- _About this exercise_
Go to the line holding "Heinz kann Stefan" in the data below and repeat it exactly, then each line after it up to and including the one holding "ARKA TEKERLEK RULMANI". Omit pictures.

Data for review Block Start

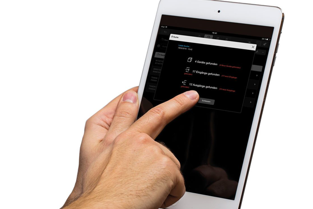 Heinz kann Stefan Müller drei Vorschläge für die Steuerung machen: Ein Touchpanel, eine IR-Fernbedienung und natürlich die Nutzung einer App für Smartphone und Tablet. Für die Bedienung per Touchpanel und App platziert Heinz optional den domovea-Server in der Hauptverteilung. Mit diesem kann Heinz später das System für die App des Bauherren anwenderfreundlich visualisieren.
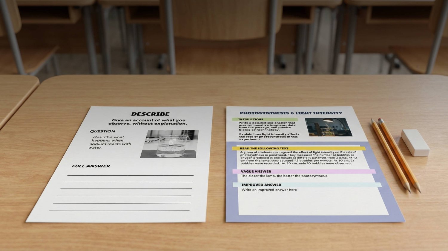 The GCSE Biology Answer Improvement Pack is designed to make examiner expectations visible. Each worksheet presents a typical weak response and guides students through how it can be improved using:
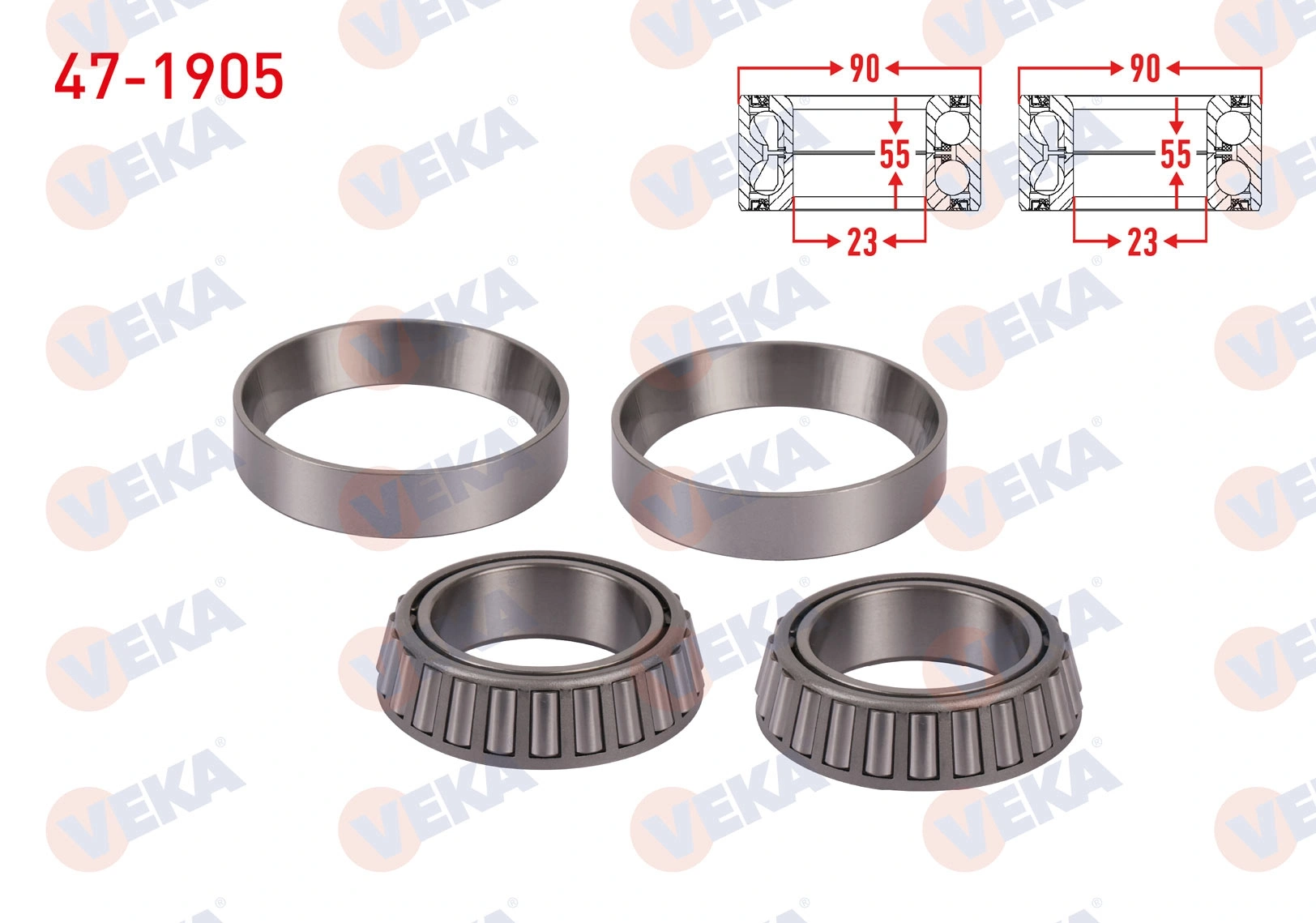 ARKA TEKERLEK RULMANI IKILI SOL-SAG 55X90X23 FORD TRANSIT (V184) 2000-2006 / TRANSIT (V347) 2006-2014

Data for review Block End
Data for review Block Start

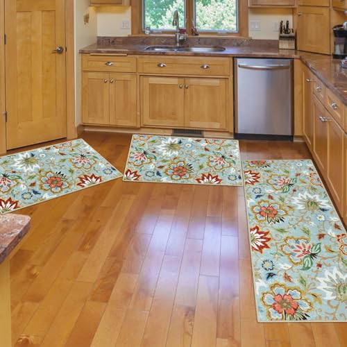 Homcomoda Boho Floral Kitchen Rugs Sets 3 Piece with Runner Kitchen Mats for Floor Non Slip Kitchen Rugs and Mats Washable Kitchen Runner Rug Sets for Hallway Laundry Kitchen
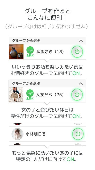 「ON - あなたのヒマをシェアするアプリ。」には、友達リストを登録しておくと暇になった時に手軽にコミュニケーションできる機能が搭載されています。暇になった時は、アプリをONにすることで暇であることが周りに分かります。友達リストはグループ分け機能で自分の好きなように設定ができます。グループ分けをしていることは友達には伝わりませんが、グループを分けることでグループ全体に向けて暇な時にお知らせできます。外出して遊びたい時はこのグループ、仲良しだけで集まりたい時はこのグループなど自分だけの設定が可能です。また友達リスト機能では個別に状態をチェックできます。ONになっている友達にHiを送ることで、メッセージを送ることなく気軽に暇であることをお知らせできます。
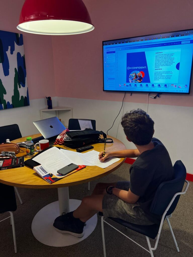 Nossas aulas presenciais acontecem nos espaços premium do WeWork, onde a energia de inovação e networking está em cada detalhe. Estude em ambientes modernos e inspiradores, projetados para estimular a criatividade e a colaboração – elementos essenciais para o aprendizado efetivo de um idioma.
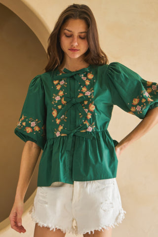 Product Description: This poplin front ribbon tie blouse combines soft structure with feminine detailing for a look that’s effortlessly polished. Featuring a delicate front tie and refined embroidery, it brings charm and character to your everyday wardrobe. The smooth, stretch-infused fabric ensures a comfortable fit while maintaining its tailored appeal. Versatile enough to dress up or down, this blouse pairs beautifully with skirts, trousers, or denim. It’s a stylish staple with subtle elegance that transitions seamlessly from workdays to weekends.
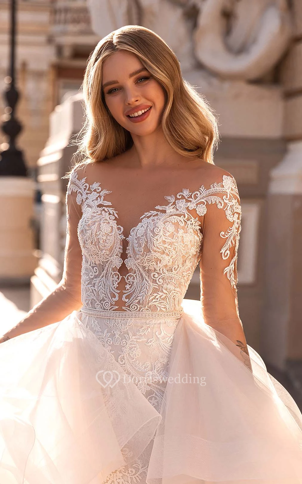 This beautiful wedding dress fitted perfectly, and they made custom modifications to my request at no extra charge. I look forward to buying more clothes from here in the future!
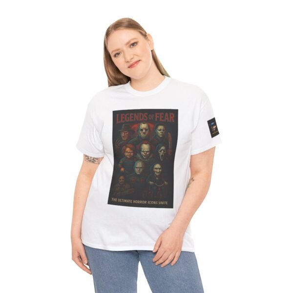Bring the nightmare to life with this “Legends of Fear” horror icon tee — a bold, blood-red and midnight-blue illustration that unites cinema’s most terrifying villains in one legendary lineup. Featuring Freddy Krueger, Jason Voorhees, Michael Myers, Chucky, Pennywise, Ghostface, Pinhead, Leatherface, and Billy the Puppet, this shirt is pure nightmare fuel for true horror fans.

Data for review Block End

- _Response_
 Heinz kann Stefan Müller drei Vorschläge für die Steuerung machen: Ein Touchpanel, eine IR-Fernbedienung und natürlich die Nutzung einer App für Smartphone und Tablet. Für die Bedienung per Touchpanel und App platziert Heinz optional den domovea-Server in der Hauptverteilung. Mit diesem kann Heinz später das System für die App des Bauherren anwenderfreundlich visualisieren.
 The GCSE Biology Answer Improvement Pack is designed to make examiner expectations visible. Each worksheet presents a typical weak response and guides students through how it can be improved using:
 ARKA TEKERLEK RULMANI IKILI SOL-SAG 55X90X23 FORD TRANSIT (V184) 2000-2006 / TRANSIT (V347) 2006-2014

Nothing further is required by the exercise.